● Work task:
Take the lines from the one containing "SYERINA, FARRAH (2025)" through the final line below and restate them exactly. Omit the pictures.

● Data segment:

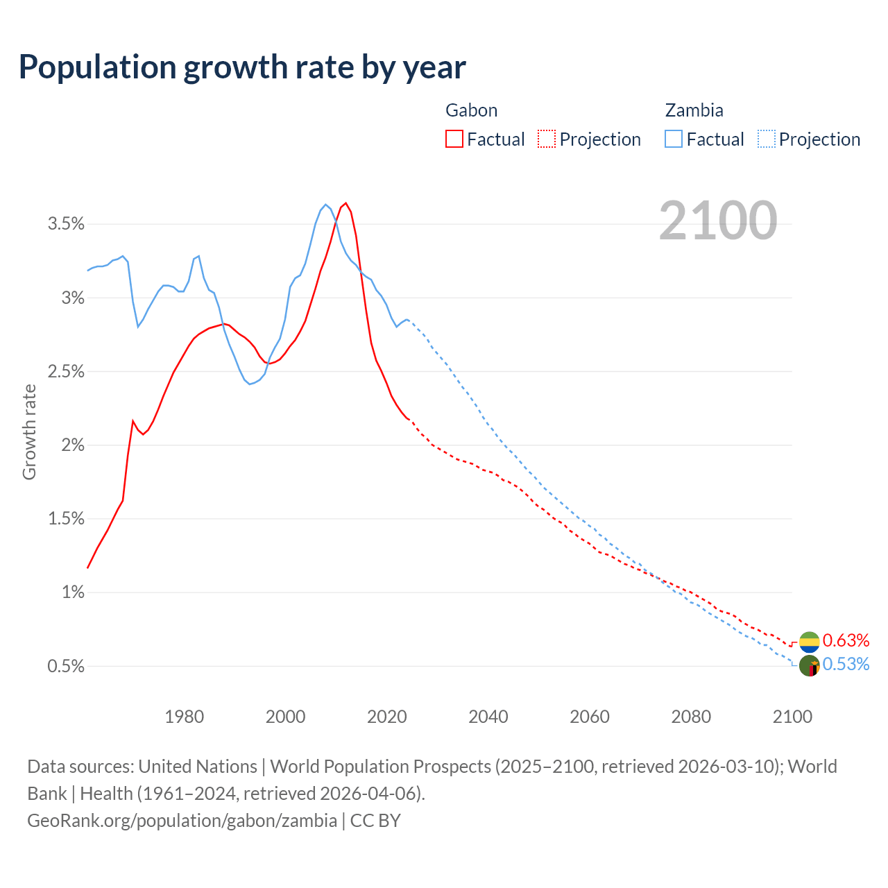 - For the last 10 years, Gabon has had an average growth rate of +2.61% per year vs +3% in Zambia.
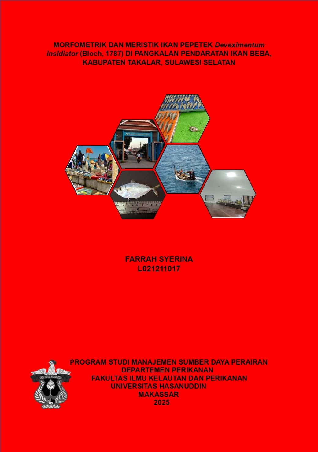 SYERINA, FARRAH (2025) MORFOMETRIK DAN MERISTIK IKAN PEPETEK Deveximentum insidiator (Bloch, 1787) DI PANGKALAN PENDARATAN IKAN BEBA, KABUPATEN TAKALAR, SULAWESI SELATAN = Morphometrics and Meristics of Pugnose Ponyfish, Deveximentum insidiator (Bloch, 1787) at Beba Fish Landing, Takalar Regency, South Sulawesi. Skripsi thesis, Universitas Hasanuddin.
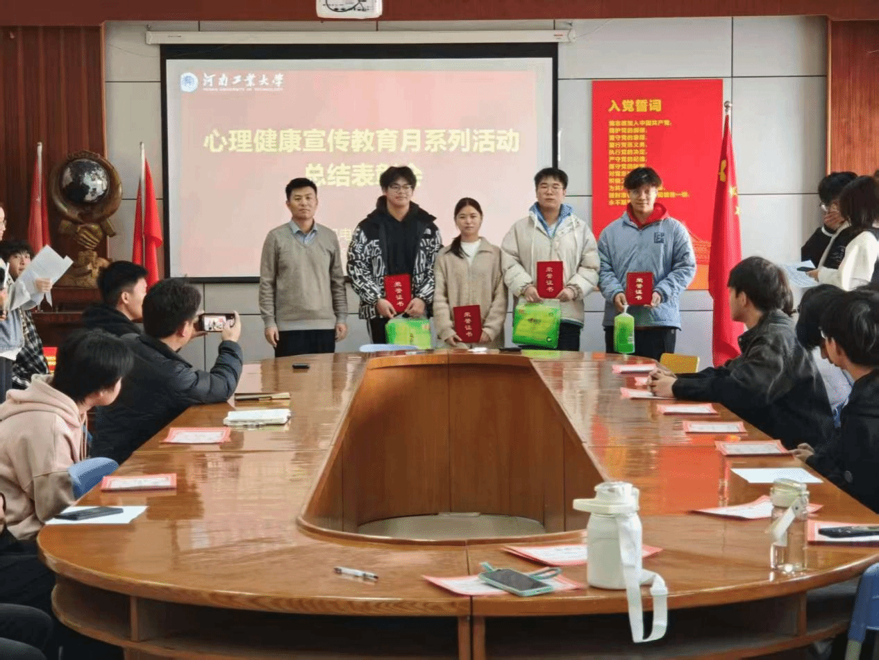 在7415会议室举办大学生心理健康宣传教育月活动总结暨表彰会。辅导员周贝贝、谢亚杰,学生会生活权益部负责人及获奖同学代表参会。

● Solved problem:
 SYERINA, FARRAH (2025) MORFOMETRIK DAN MERISTIK IKAN PEPETEK Deveximentum insidiator (Bloch, 1787) DI PANGKALAN PENDARATAN IKAN BEBA, KABUPATEN TAKALAR, SULAWESI SELATAN = Morphometrics and Meristics of Pugnose Ponyfish, Deveximentum insidiator (Bloch, 1787) at Beba Fish Landing, Takalar Regency, South Sulawesi. Skripsi thesis, Universitas Hasanuddin.
 在7415会议室举办大学生心理健康宣传教育月活动总结暨表彰会。辅导员周贝贝、谢亚杰,学生会生活权益部负责人及获奖同学代表参会。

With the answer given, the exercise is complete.